Work instructions — Please retype exactly the lines from the one containing "表5添加快速渗透剂T后22.4%螺虫乙酯悬浮剂对石斛菲盾蚧田间防效的变化" through the end of the records, leaving out the pictures.

Data excerpts

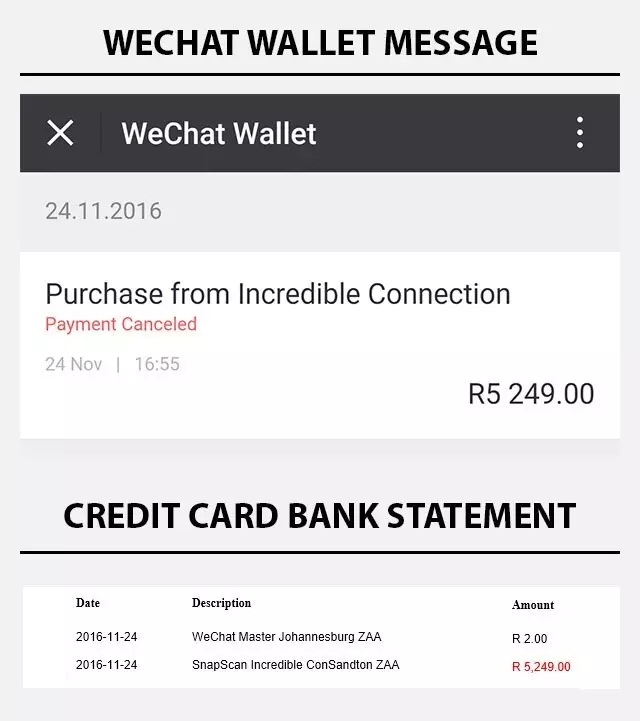 但是,消费者检查银行账户后却发现, 5249兰特已经被从信用卡中扣掉,描述为“SnapScan Incredible ConSandton ZAA”。
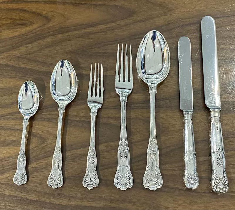 Antique Silver Edwardian Kings Pattern Cutlery / Flatware Service For 18 People Made in 1908
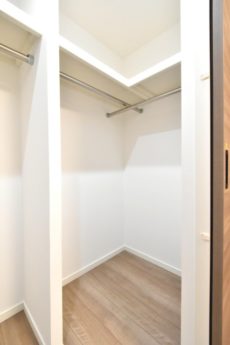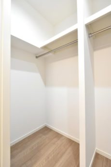 収納はウォークインクローゼット!!L字型にハンガーポールが設置された大きな収納です。約1.5帖もあるそうですよ。
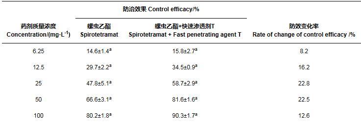表5添加快速渗透剂T后22.4%螺虫乙酯悬浮剂对石斛菲盾蚧田间防效的变化
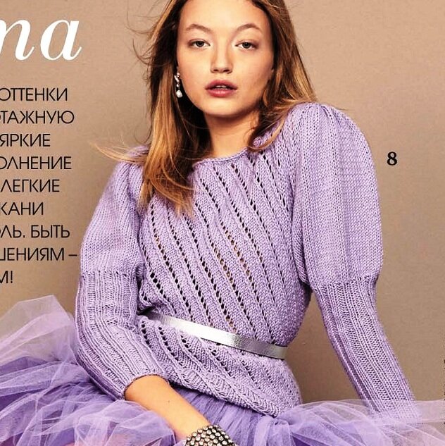 Модно и эффектно смотрится эта кофточка, связанная спицами с диагональным ажуром и пышными рукавами - фонариками. Кофточка не перегружена сложными узорами и в тоже время имеет элегантный силуэт. Размеры: 34/36 (38/40) 42

Your solution —
表5添加快速渗透剂T后22.4%螺虫乙酯悬浮剂对石斛菲盾蚧田间防效的变化
 Модно и эффектно смотрится эта кофточка, связанная спицами с диагональным ажуром и пышными рукавами - фонариками. Кофточка не перегружена сложными узорами и в тоже время имеет элегантный силуэт. Размеры: 34/36 (38/40) 42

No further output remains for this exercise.